___ ENTRIES PROVIDED ___

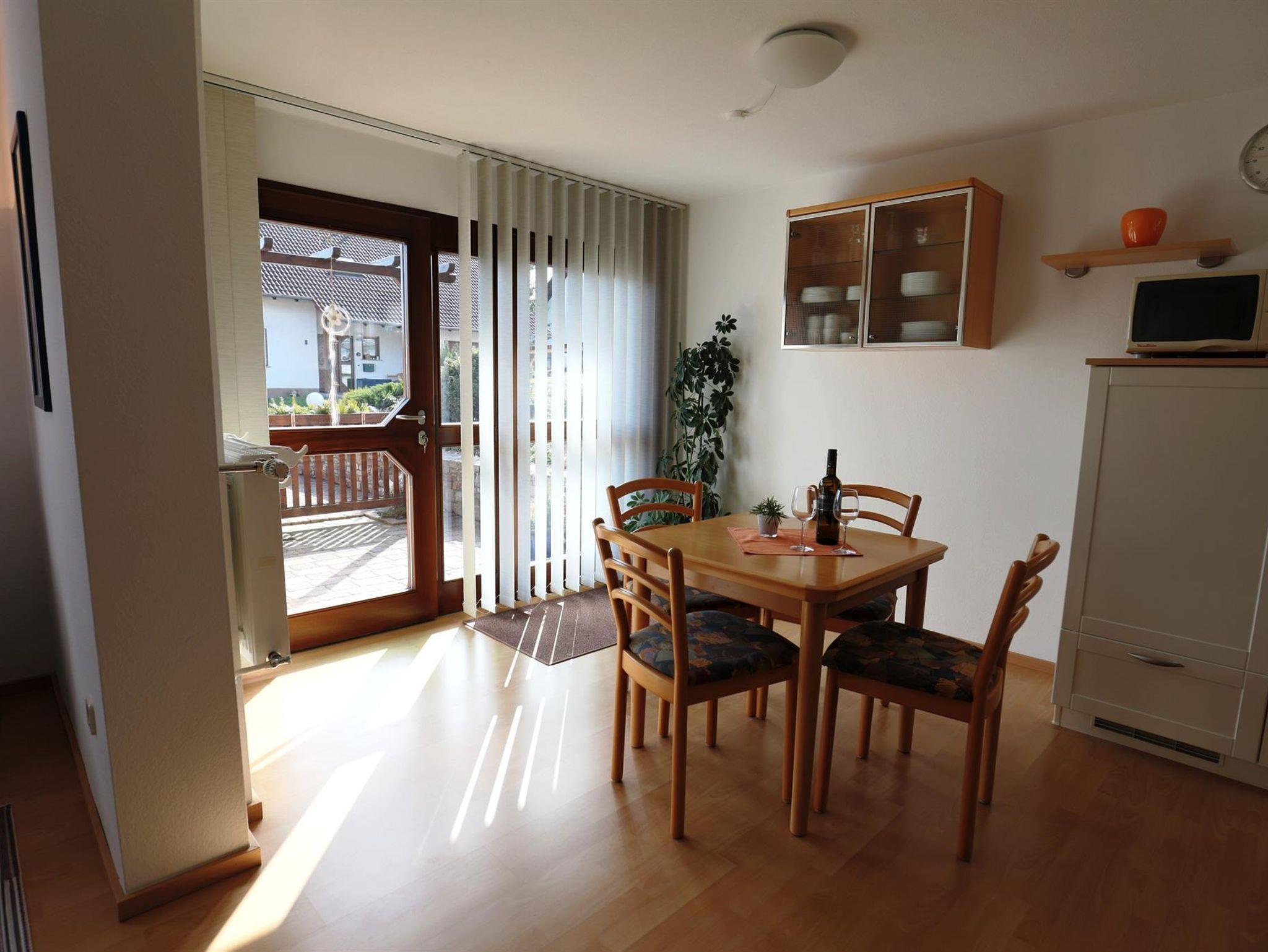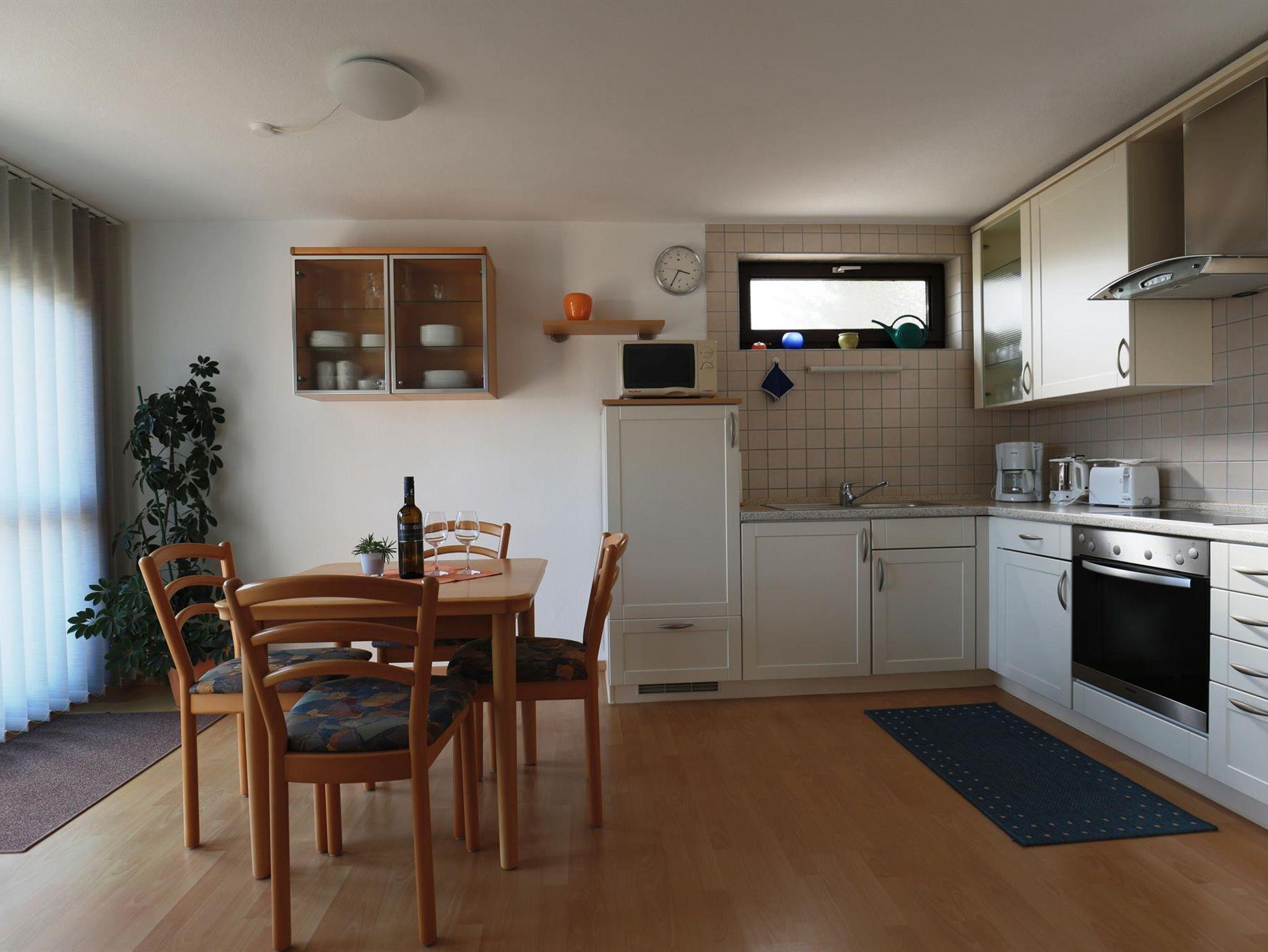 Die im Parterre unseres Hauses gelegene geräumige und moderne Ferienwohnung mit separatem Eingang bietet Ihnen sowohl Ruhe als auch Bequemlichkeit. Die Wohnung ist hell und geschmackvoll eingerichtet, verfügt über einen Wohn-/ Essraum mit moderner Einbauküche, ein Schlafzimmer mit Doppelbett und eine Dusche mit WC. Eine Schlafcouch im Wohnzimmer bietet zwei zusätzliche Schlafmöglichkeiten.
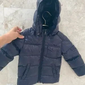 MONCLER {3} Coat Navy Blue Girls' Puffer Zip-Up Detachable Hood
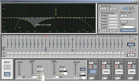 Внутреннее ПО претерпело фундаментальные изменения. 1-ой версией процессора ограничивалась фантазия в части разделения полосок частот прожиточным минимумом срез частотой 20Гц-20кГц, однако крутизна 24 или 12 дБ/окт., только Баттвервортовская характеристика. В новейшей версии сохранена свобода подбора частоты среза, однако добавили к ней широчайший выбор крутизны – 12-48 дБ/окт., с остановками через 6 дБ/окт. При различных выбираемых крутизнах возможен выбор фильтра: неоклассический Линквиц-Райли, классический Баттерворт, реже применяемый Бессель с лучшими переходными свойствами.
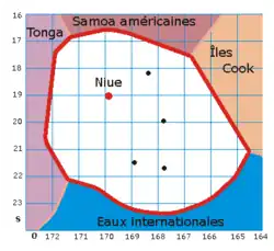 Niue[5] /nju.e/, Niué[6] ou encore Nioué[7] (en anglais Niue[5], en niuéen Niuē) est un pays insulaire de l'océan Pacifique sud, en Polynésie occidentale. Il est situé à 2 400 km au nord-est de la Nouvelle-Zélande, au centre d'un triangle formé par les îles Tonga, Samoa et Cook.
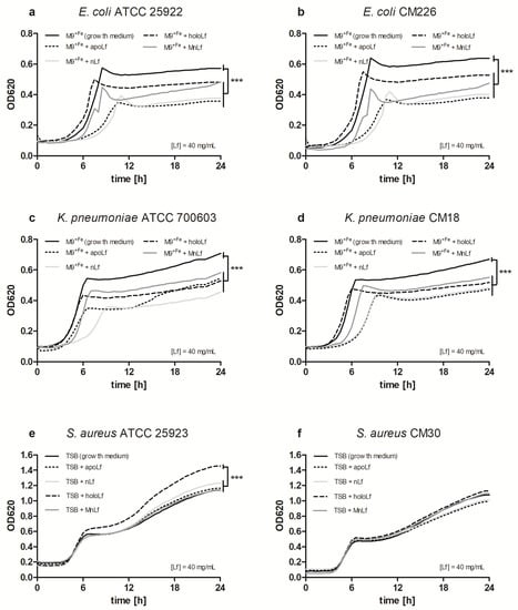 In case of K. pneumoniae (both reference and clinical strains), all tested forms of lactoferrin acted similarly. They significantly reduced the number of the Klebsiella population in comparison with the M9(+Fe) growth medium (Figure 2c,d).
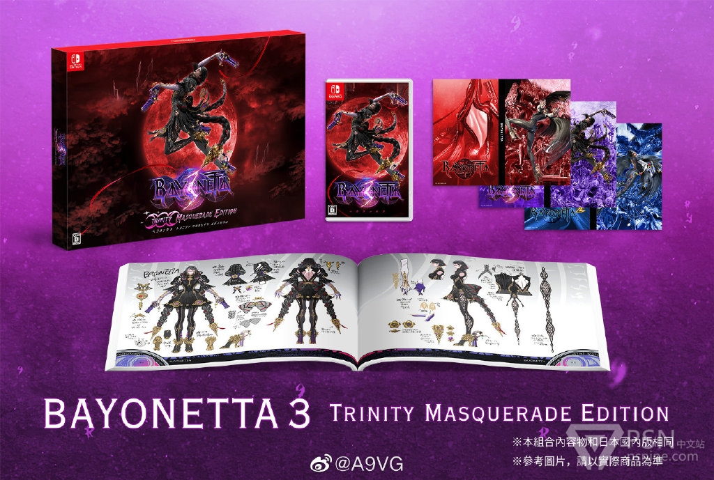 任天堂宣布将推出《猎天使魔女3》(官译:蓓优妮塔)特别版,收录《魔女3》游戏本体、三张可替换封面、特别收纳盒、画集等。支持将系列三款游戏的实体盒并排摆放,三张替换封面可构成一幅完整图。
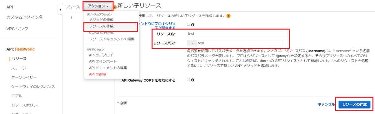 アクションからリソースの作成を選び任意のリソース名を入力してリソースの作成をクリックします。
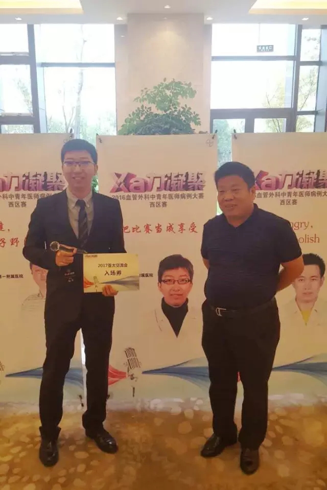 2016年9月16日,在第四届中国西部血管大会上传来喜讯,郑州大学五附院血管外科青年医师安乾在“2016年度‘ⅹa力凝聚’中青年医师病例大赛”中,凭借自身优异表现,得到了现场评委和观众的一致好评,最后以90.4的高分排名第一,顺利折冠,晋级2016年“中国血管论坛(CEC)”全国决赛,并获得了2017年“亚太血管交流会”的参会资格。
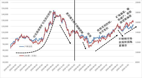 2020年总体趋势先抑后扬。2019年末随着禁矿消息实锤落地以及镍价涨至近三年高位后,缺乏更强的上涨驱动。随后市场理性回归镍生铁-不锈钢产业链逻辑,价格应声回落,跌势异常流畅。而2020年1季度在刚刚从上一波跌势中缓过劲儿来的情况下又受到了疫情的冲击,镍价开始新一轮的暴跌。2-3月份疫情对下游企业复工造成重创,终端消费下滑,叠加印尼镍铁大量回流,国内NPI过剩加剧,在供应过剩需求不足的共振之下,不锈钢社库累积创历史新高,镍价也跌入谷底。之后疫情受到控制,货币政策宽松,国内消费端开始复苏,终端存在报复性的消费现象,而当时菲律宾镍矿供应矛盾升级,镍铁价格上涨,又与消费复苏形成共振,叠加三季度后半段的原料低库存,镍价迅速恢复。直至9月份,不锈钢市场表现转弱,需求不足导致镍价终于结束上涨进行回调。原料市场的回落,和不锈钢消费不及预期,导致情绪大幅回落。再之后菲律宾进入雨季,镍矿季节性减产,而2020年菲律宾雨季影响格外严重,经历了双台风,镍矿再次转入偏紧。进入11月后矿端偏紧,镍矿价格高企,造成一部分镍铁企业主动减产。同时,宏观方面美国政府开始交接,疫苗消息利好,对于未来经济形势好转的强烈情绪拉动整个有色板块上行。而不锈钢需求下滑,整体价格处于宽幅震荡偏强的状态。
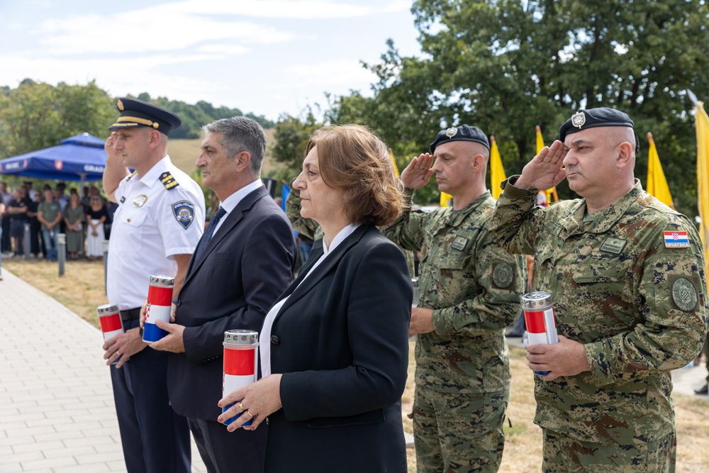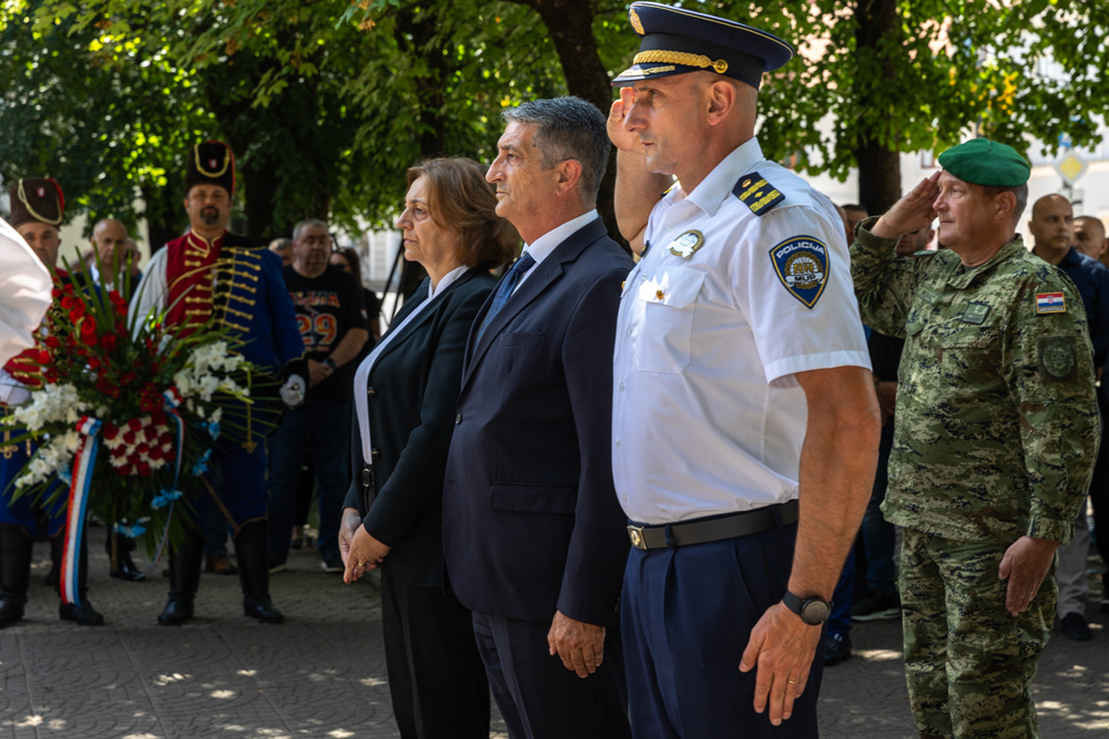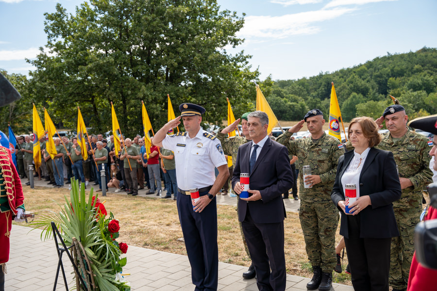” Okupili smo se ovdje kako bismo odali zahvalnost svim našim ratnim prijateljima, hrvatskim vojnicima i policajcima, te civilnim žrtvama koji su dali svoj život u vojno redarstvenoj operaciji “Oluja” i tijekom Domovinskog rata. Tu smo i radi svečanog obilježavanja jednog od najznačajnijih datuma u povijesti hrvatskoga naroda. Današnji blagdan ujedno je i zahvala za ukupnu pobjedu u Domovinskome ratu, a ona je rezultat zajedništva hrvatskog naroda”, istaknuo je brigadir Šare.
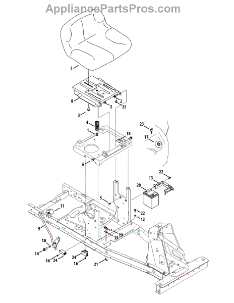 This replacement part is a lawn mower seat, and it is intended for use in different types of lawn equipment. This is a genuine replacement part made by MTD. This seat ensures comfort while mowing the lawn and allows the user to sit properly on the machine while in use.A new lawn mower seat may be needed if the current one is worn down or uncomfortable to sit in. It is possible that the seat covering can become torn or ripped. If this occurs it is recommended a replacement be ordered. To replace this part a screwdriver and a pair of pliers will likely be needed. Be sure to reference the specific owner's manual prior to starting a repair for this part. This seat is a genuine OEM replacement part and is sold individually. This part is sourced directly from the manufacturer to ensure proper fit on any appliance.
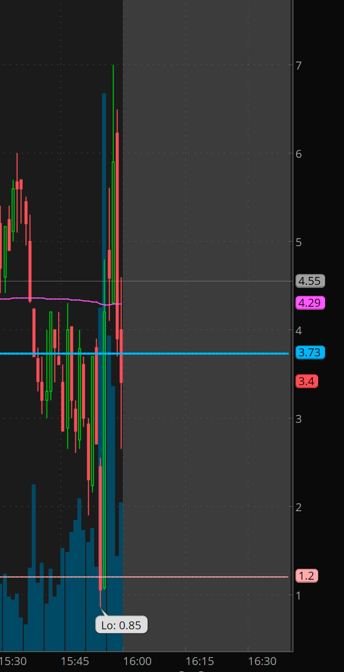 And sure enough we got a dip into $0.80 and then ripping into 7 before closing at around 3.40. What an exciting close. This is why I stress on planning and discount shopping., placing orders in advance get let you get filled at great risk/reward prices.
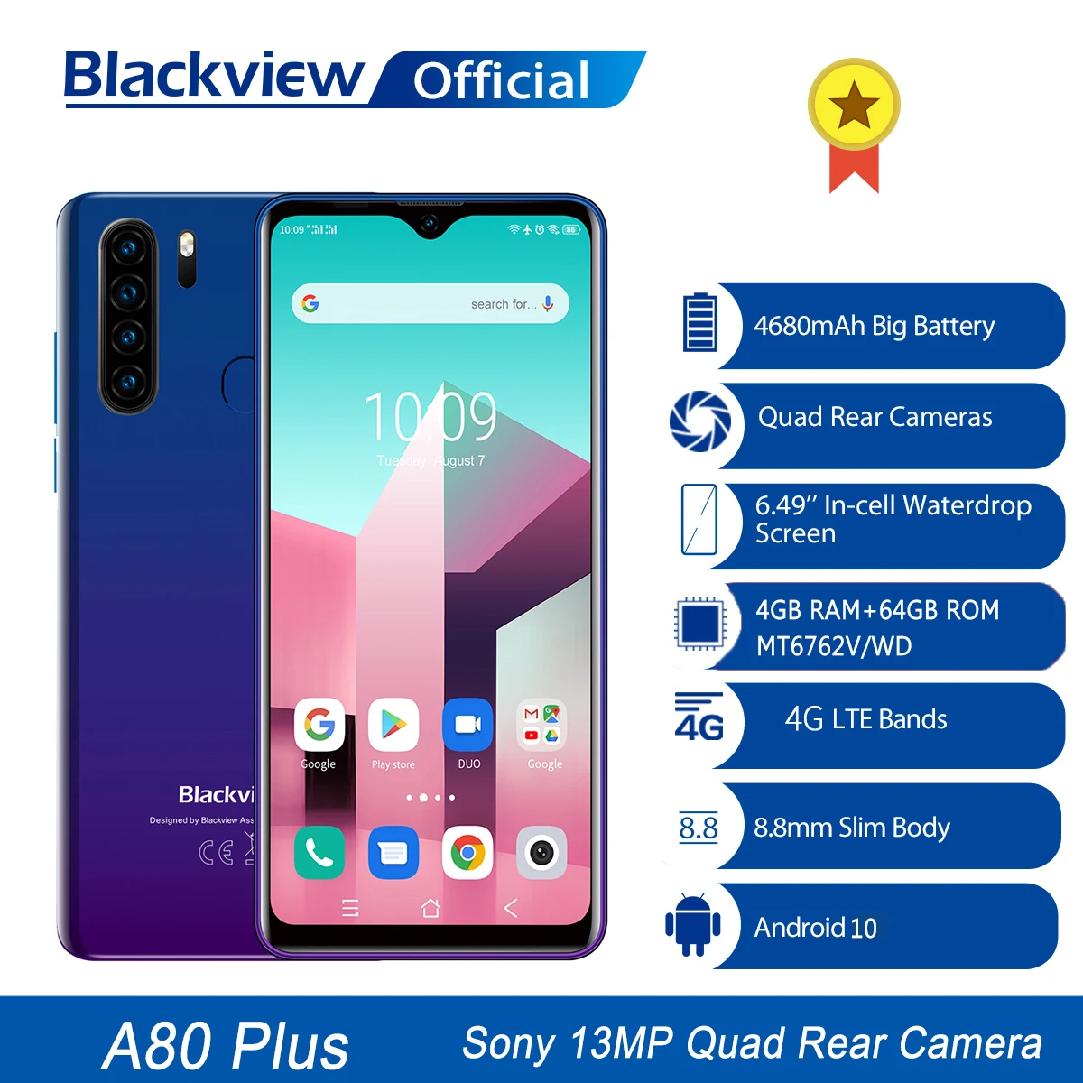 Blackview A80 Plus смартфон, восемь ядер, экран 6,49 дюйма, 4 Гб + 64 ГБ
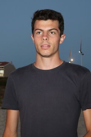 a handsome young man looking away from camera in winter evening. his face is lit with evening light. some bushes and a clear blue sky in the background. he is wearing a sports jacket
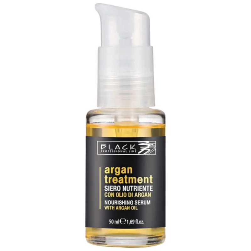 BLACK Serum nawilżające do włosów z olejkiem arganowym 50 ml to odżywcze serum do stosowania na mokre i suche włosy. Pomaga nawilżyć, wygładzić i zmiękczyć pasma, ułatwia stylizację oraz pozostawia włosy miękkie, lśniące i jedwabiste.

___

Above are some records; quote exactly and only the lines that begin at the line containing "Blackview A80 Plus" and stop after the line containing "a handsome young", leaving out the pictures.

§ OUTPUT BELOW
 Blackview A80 Plus смартфон, восемь ядер, экран 6,49 дюйма, 4 Гб + 64 ГБ
 a handsome young man looking away from camera in winter evening. his face is lit with evening light. some bushes and a clear blue sky in the background. he is wearing a sports jacket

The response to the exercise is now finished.